Marcel Amon-Tanoh (born November 25, 1951, Abidjan) is an Ivorian politician.

He started working in France as a researcher at the Institute for Scientific, Economic and Commercial Research. After this French experience, he became the Secretary General of the City Hall of Cocody, an elite neighborhood in the Abidjan department, for several months. From 1991 to 1995, he was Secretary General of the Democratic Party of Côte d'Ivoire.

In addition to his political career, Marcel Amon-Tano was also involved in business. He was the managing director of a Parisian clothing company, then of an agricultural import and export company, and director of an agro-industrial company. Since 2001, he has devoted himself fully to his role as a public servant, serving as Minister of Tourism (2003–2005), and Chief of Staff to the President (2010–2012).

He has served as the Minister of Foreign Minister of the Ivory Coast from 25 November 2016 until 19 March 2020, under President Alassane Ouattara.

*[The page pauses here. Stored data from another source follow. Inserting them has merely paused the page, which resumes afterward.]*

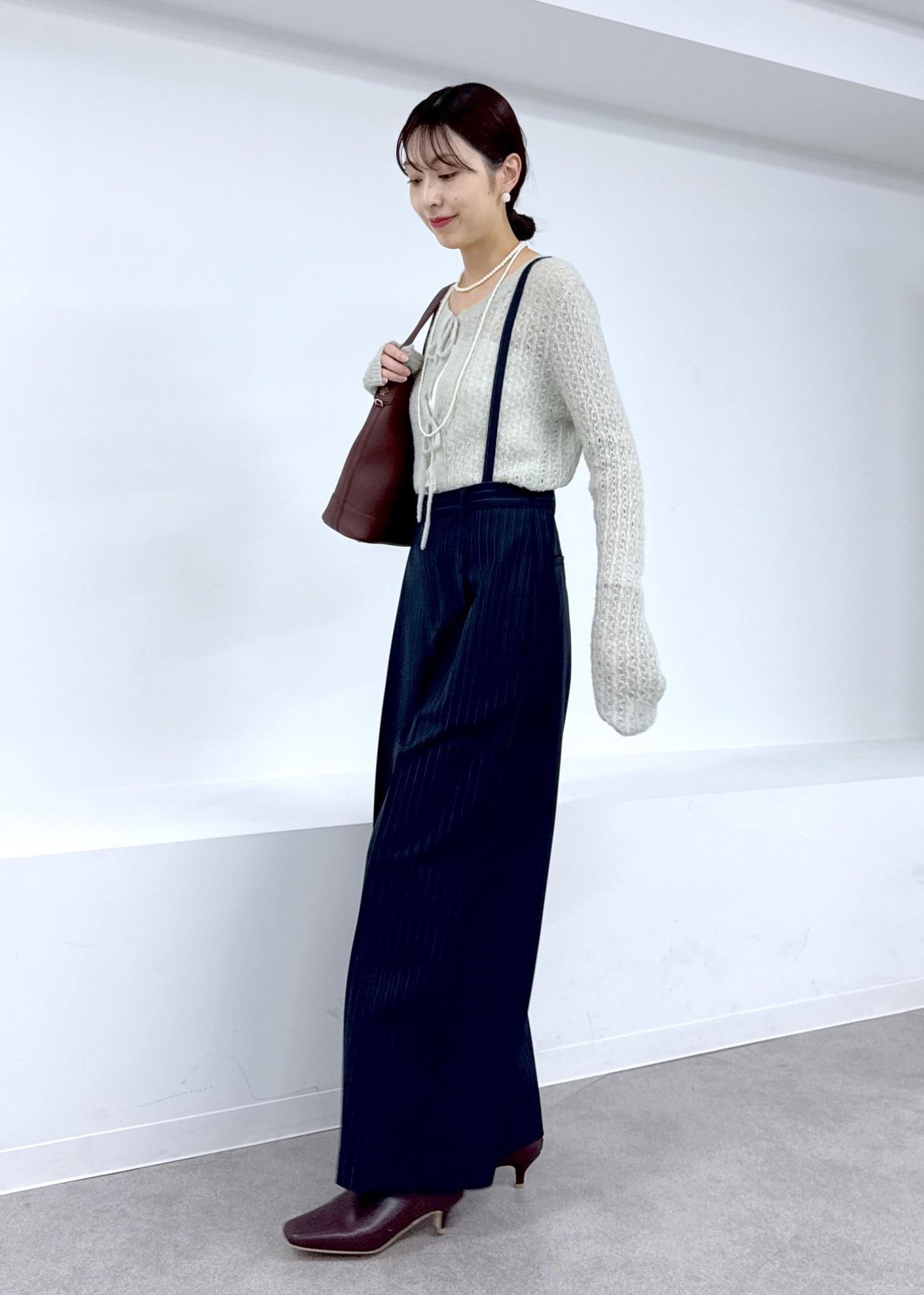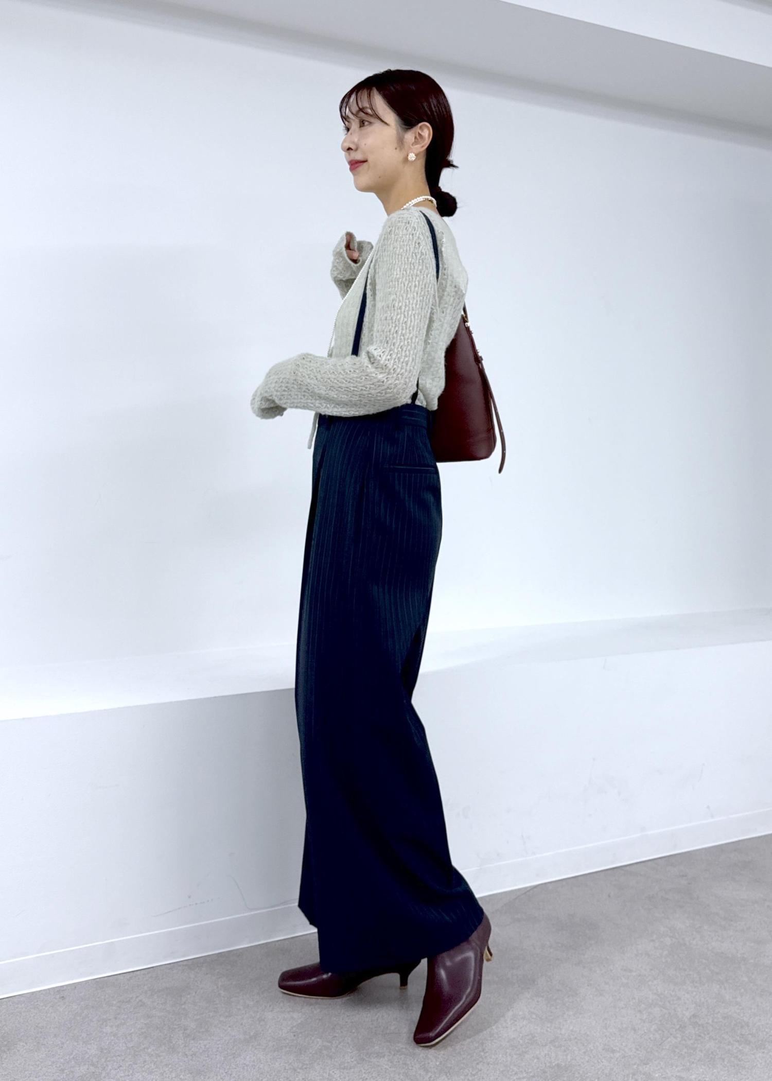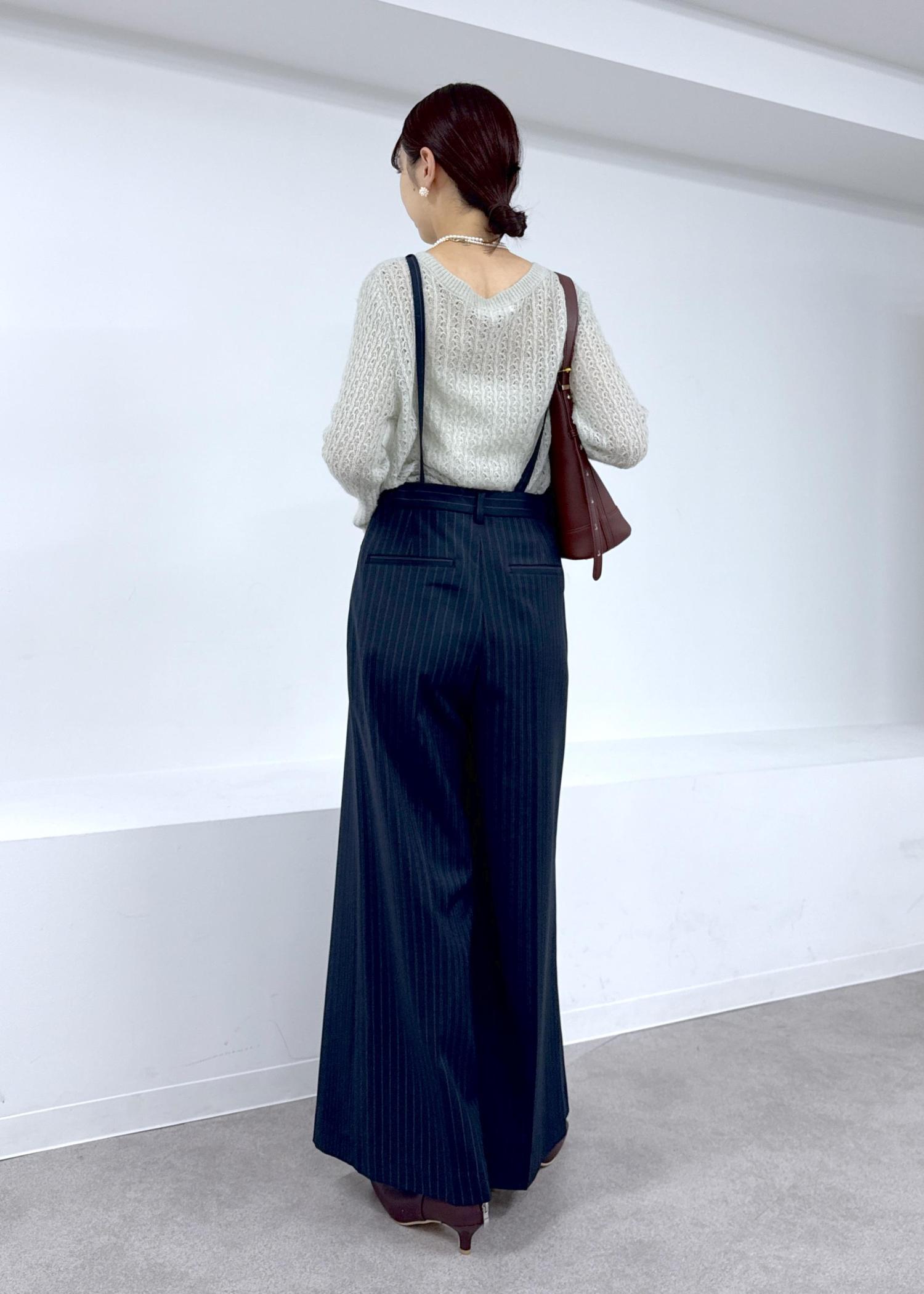 ROPÉ PICNICフレアシルエットサスペンダー付きパンツネイビー / 38¥4,499レビューワイドシルエットですがセンターラインが入っているのでスマートな印象。裏なしなのでサラッと軽い履き心地。38サイズは少しヒールのある靴と合わせるとちょうどいいバランスで履けました。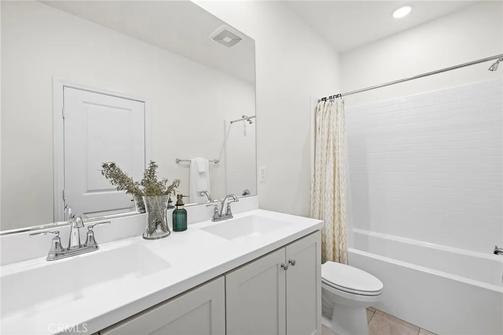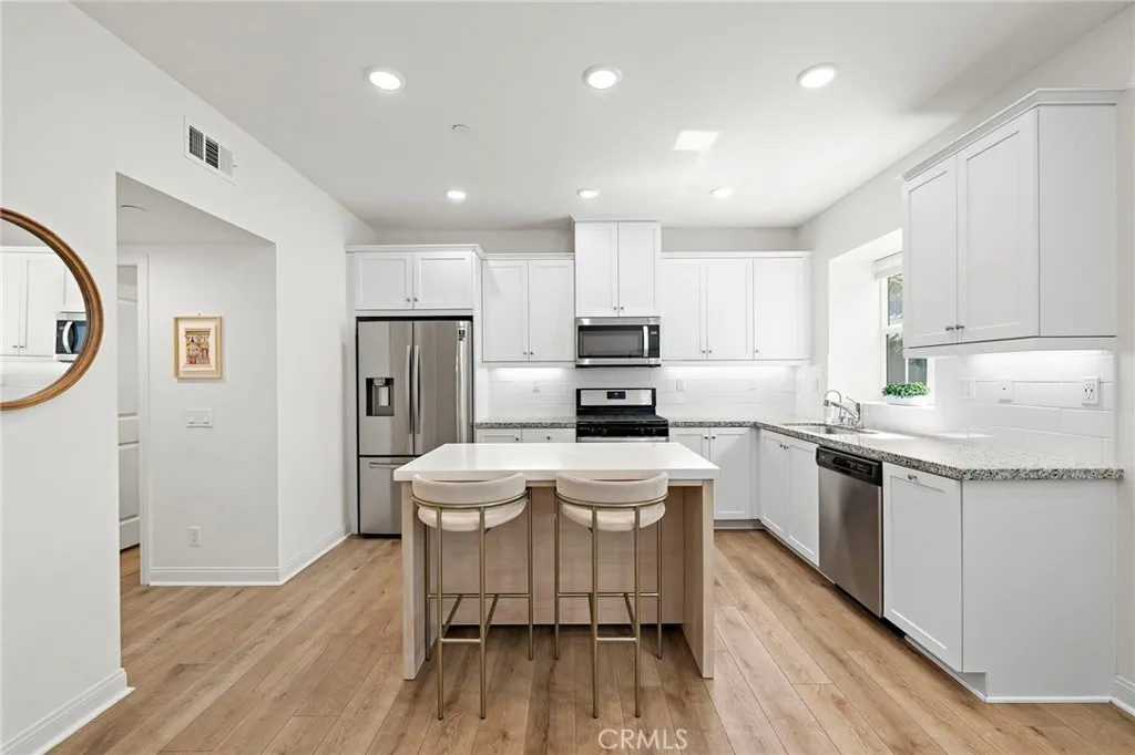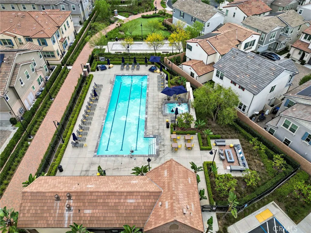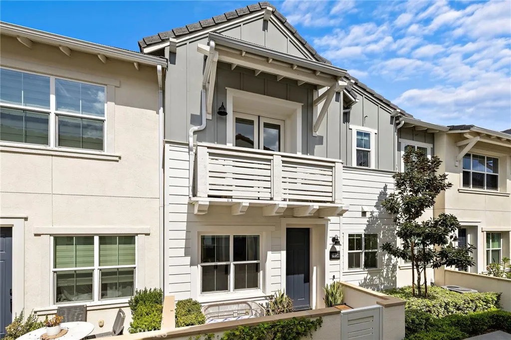 Located in The Groves, one of Whittier's most sought-after master-planned communities, this home puts resort-style living right outside your front door. The community amenities are genuinely impressive — a large pool with lounge seating, shade umbrellas, and built-in BBQs; a lap pool with a spa, firepit, and lounge area; a playground, a dog park, and a spectacular Tudor-style clubhouse anchoring a beautifully manicured central lawn with formal garden landscaping and mountain views. Every walkway and common area is meticulously maintained. Walking distance to shops, including Rodeo 72 Food Hall, EOS gym, Philz Coffee, CAVA, Stater Brothers, and more. The home itself is a 3-bedroom, 3-bathroom condo with 1,320 square feet, a craftsman farmhouse exterior, private front patio, and an upper balcony. The open-concept main level features wide plank wood-look flooring, recessed lighting, and a white shaker kitchen with quartz and granite countertops, subway tile backsplash, a center island with bar seating, and a full stainless steel appliance suite including a gas range, French door refrigerator, microwave, and dishwasher. A powder bath completes the main level. Upstairs, the primary suite includes French doors to the private balcony, a custom built-in walk-in closet, and an ensuite with a soaking tub and separate glass-enclosed shower. Two additional bedrooms share a full bath with a dual-sink vanity. Stacked LG washer and dryer included. The 2-car garage is EV-charger ready and features custom built-in cabinetry, a tankless water heater, and a whole-house water softener and filtration system. Fully paid-off solar panels included.
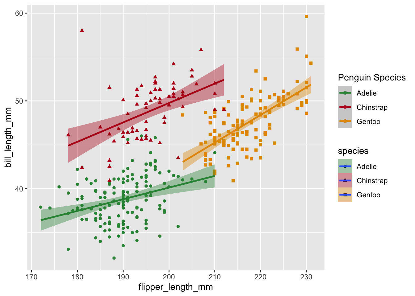 Each scale (color, fill, shape), including x and y axes, can have a label. There are multiple ways to set this, but I’ll demonstrate setting it with labs()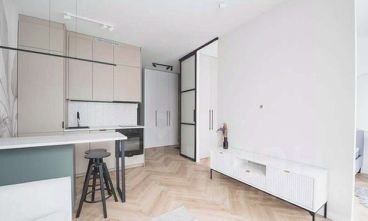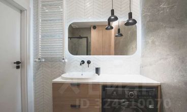 Душевая кабинка со стеклянными стенками, стиральная машина решает вопрос стирки. Подвесная раковина с широкой тумбой дает возможность аккуратно разместить косметику. Настенный унитаз облегчает уборку.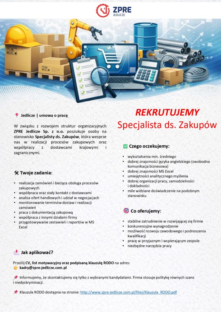 W związku z rozwojem struktur organizacyjnych ZPRE Jedlicze Sp. z o.o. poszukuje osoby na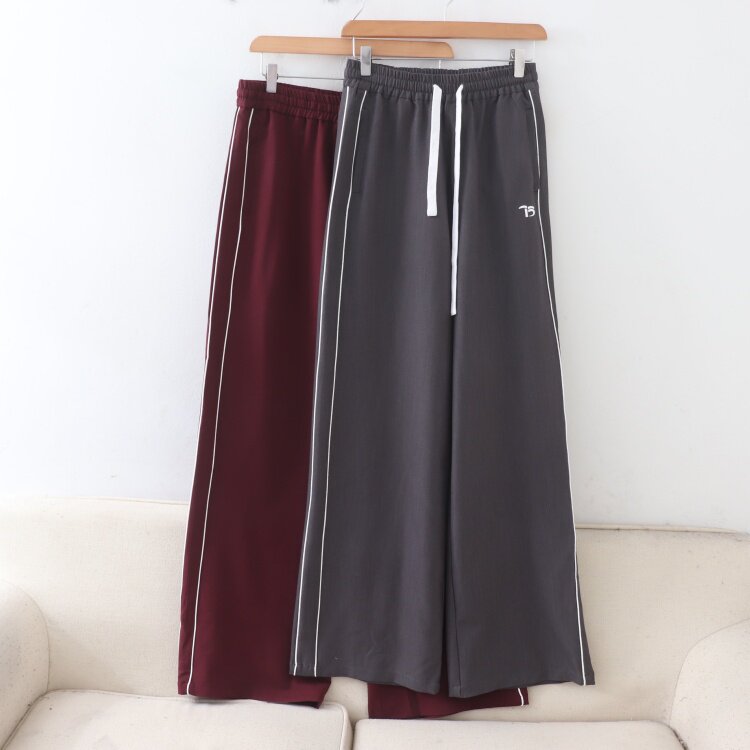 D01068日单秋新款 客供松紧抽绳系带宽松显瘦女纯色通勤休闲直筒裤

In November 2016, President Ouattara dismissed then-Foreign Minister Albert Toikeusse Mabri and appointed Amon-Tanoh as interim foreign minister. Two months later, Oattara retained Amon-Tanoh as his permanent foreign minister as part of a January 2017 cabinet reshuffle. Amon-Tanoh resigned on 19 March 2020.

In December 2024, Amon-Tanoh was appointed special advisor to President Ouattara at the RHDP. This appointment is interpreted as Amon-Tanoh's return to the president's inner circle. He is expected to prepare Alassane Ouattara's likely candidacy for a fourth term in the 2025 presidential election.